The New York Times doesn’t pile on “Solo” for lacking cheeky irreverence (a Miller/Lord staple) and for playing it safe — as the movie “ambles from one set piece to the next in a spirit of genial in-betweenness”:

“Some fans may blame Mr. Howard for this, and fantasize about what might have been if Christopher Miller and Phil Lord . . . had been allowed to see the project through. But this galaxy has always been a rule-bound place, and too much divergence from franchise traditions would probably have stirred up its own kind of fan outrage.”

But The Post’s Hornaday writes: “It’s Howard’s more workmanlike, less antic sensibility that infuses ‘Solo’ and, in many cases, drags it down, with the few remaining traces of quippy, flippant humor either falling flat or sounding hopelessly derivative.”

3. Does Alden Ehrenreich sufficiently fill Harrison Ford’s boots as a young Han?

Ehrenreich drew a tough assignment here. He doesn’t look much like a young Ford, and doesn’t readily summon (or try to impersonate) Ford’s brand of signature swagger. But many reviewers believe Ehrenreich — so promising in “Hail, Caesar!” — acquits himself well in “Solo.”

“It’s difficult to adjust at the beginning” writes the Associated Press of watching Ehrenreich. “You can’t help but scrutinize every gesture, every smirk, every aside as you try to get used to him. Eventually you do, and the talented Ehrenreich wins you over with his execution, capturing Han’s spirit, his sarcasm, egotism and charm with apparent ease.”

The Hollywood Reporter calls Ehrenreich’s performance “an irresistibly charismatic title turn.”

And the Los Angeles Times praises Ehrenreich to the point of hailing him as a more versatile actor than Ford “in every way” — and says that he’s even better than the film. Write the Times: “This Han Solo may not scan as an exact younger replica of the character who has taken root in collective pop-cultural imagination, but there’s more to good acting than fitting a physical type.
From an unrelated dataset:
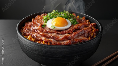 Steaming Bowl of Delicious Beef with Egg and Green Onions
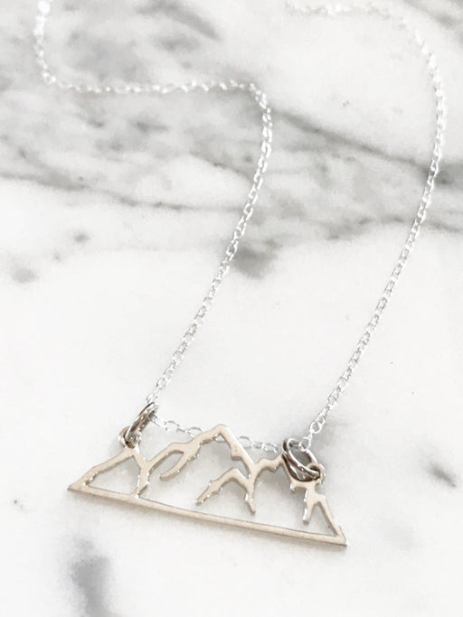 Original price $ 28.00 - Original price $ 28.00Original price$ 28.00$ 28.00 - $ 28.00Current price $ 28.00| /An outline of a mountain range is cast from bronze or sterling silver. The adjustable cable chain passes through two bails for a unique hanging sty...

If I may risk sacrilege for the sake of accuracy . . . Ehrenreich isn’t given much to work with here, but his sly comic reserve and devil-may-care attitude give you reasons to keep watching, well after the story has stopped doing anything of the sort.

“His performance sharply rebukes the rumors that swarmed the Internet a few months earlier, suggesting the actor himself was chiefly responsible for the production’s many woes. Ehrenreich hasn’t failed ‘Solo: A Star Wars Story.’ The truth, I daresay, is exactly the opposite.”

4. Does Donald Glover live up to the promising buzz as Lando Calrissian?

The Post’s Hornaday calls Glover “perfectly cast” as Lando. And Entertainment Weekly calls him “easily the best thing in this good-not-great movie,” writing that “more than any big action set piece or narrative double cross . . . it’s Glover’s mack-daddy, Colt 45 swagger as the rakish gambler formerly played by Billy Dee Williams that will be the thing you’ll be buzzing about after the lights come up.”